Geographical information systems (GIS) can be used in the supply chain in many different ways, but the primary one is advanced visualization, says Hall. GIS mapping ties many different data sources together, he says, so instead of just looking at spreadsheets, users can have a visual and intuitive picture of what is going on in the supply chain at their fingertips.
GIS uses GPS technology for location purposes, but GIS adds data "in a way that allows the user to make intelligent strategic and tactical decisions," says Hall. Esri makes software that brings the data together, analyzes and maps it. "We also build the tools that actually do the advanced mapping," he says. The company currently has 70 offices around the world and about a million users of its software, in the supply chain as well as other industries.
One application where GIS plays an important role is risk management, says Hall. "If you think about the many natural disasters we have had recently where suppliers were not able to ship product, you can see the value for strategic planning of knowing what risks are inherent in the geography - flat coastal areas where a tsunami might hit, for example. This type of information can be seen ahead of time with mapping tools and overlaid data, so you know which manufacturing facilities and which transportation routes will be impacted."

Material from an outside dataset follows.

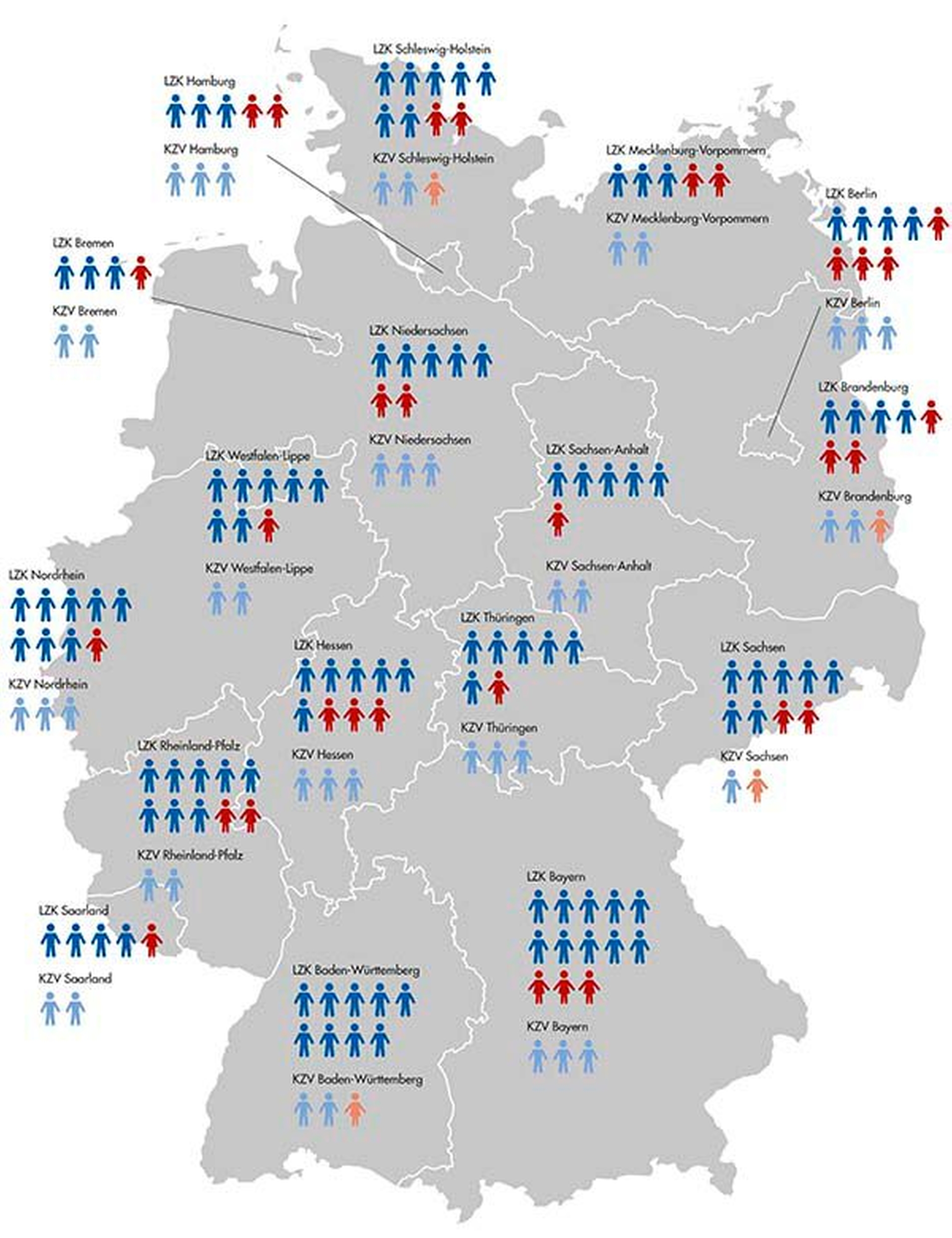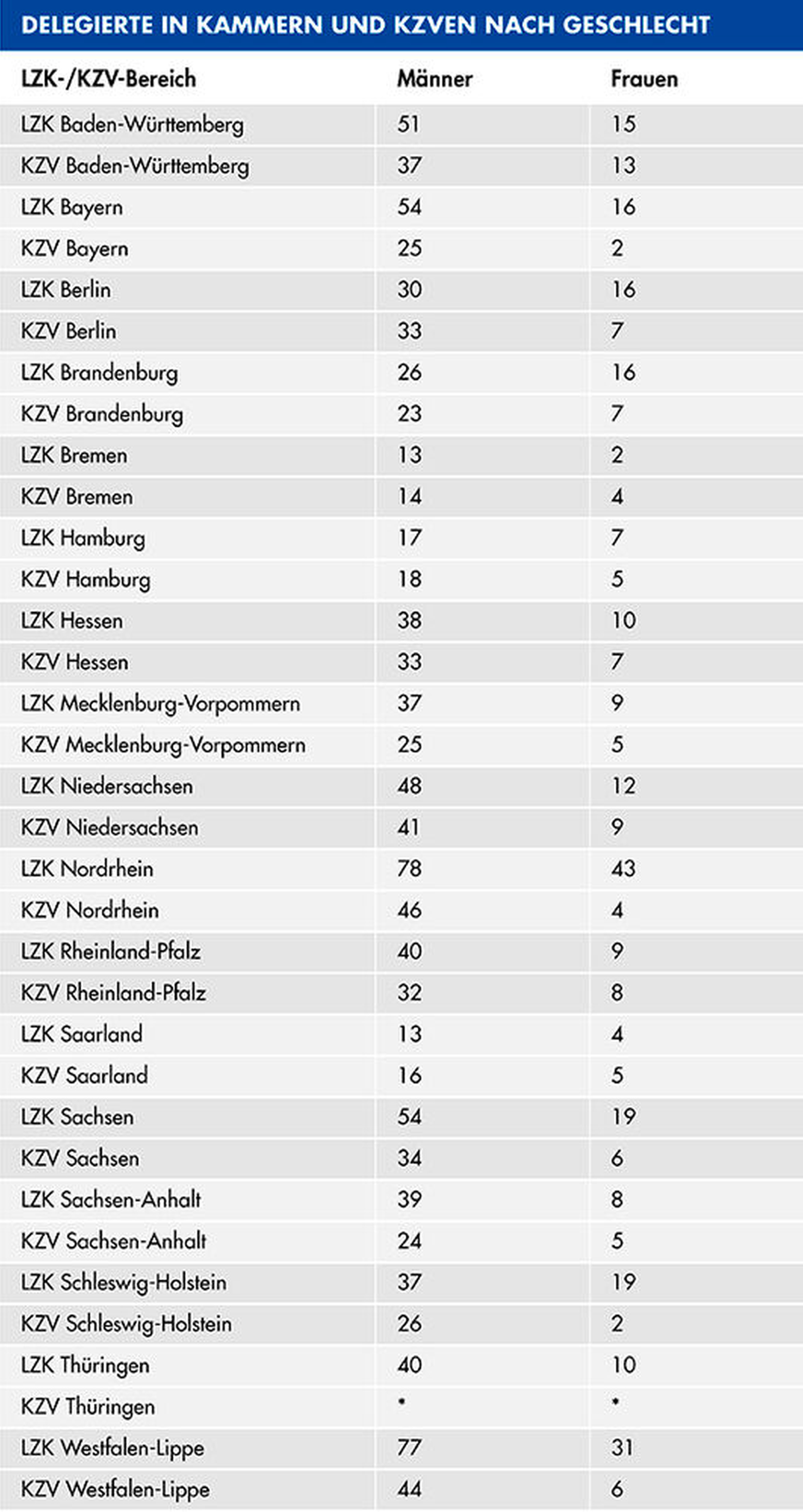 Insgesamt 15.575 Studierende waren im Wintersemester in Deutschland im Fach Zahnmedizin eingeschrieben, davon rund zwei Drittel weiblich. Karriere machen trotzdem weiterhin vor allem die Männer. Das ist in der Wissenschaft so, das ist in der Standespolitik nicht anders: Sind die Frauen in den Vertreterversammlungen von Kammern und KZVen wenigstens noch halbwegs vorhanden, sind sie in den Vorständen nahezu unsichtbar, wie unsere Recherche zeigt.
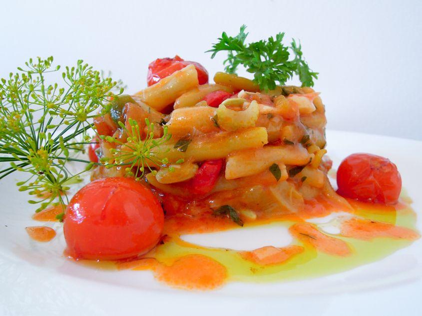 Aveți nevoie de fasole verde păstăi, ardei gras de diferite culori, roșii coapte, roșii mici, ceapă, usturoi, frunze de țelină, cimbru verde, busuioc, sare, piper, ulei.

GIS also is valuable in real-time planning, Hall says, noting that most emergency management organizations in the world use Esri GIS to map those events . "We have that data available right away so we can show people what is going on in real time," Hall says. "They can take that information and make operational decisions in real time to help manage the supply chain and mitigate risk. There is no way to see that information looking at spreadsheets and databases."
Another application is to map movement inside facilities to do pattern analysis, he says. For example, retailers can see which aisles get the most traffic, providing insights on where to place merchandise.
The biggest challenge for this technology is the lack of standardization in terms of all the different data sources, says Hall. "Standardization needs to happen among industries to make it easy for anyone to access any type of data."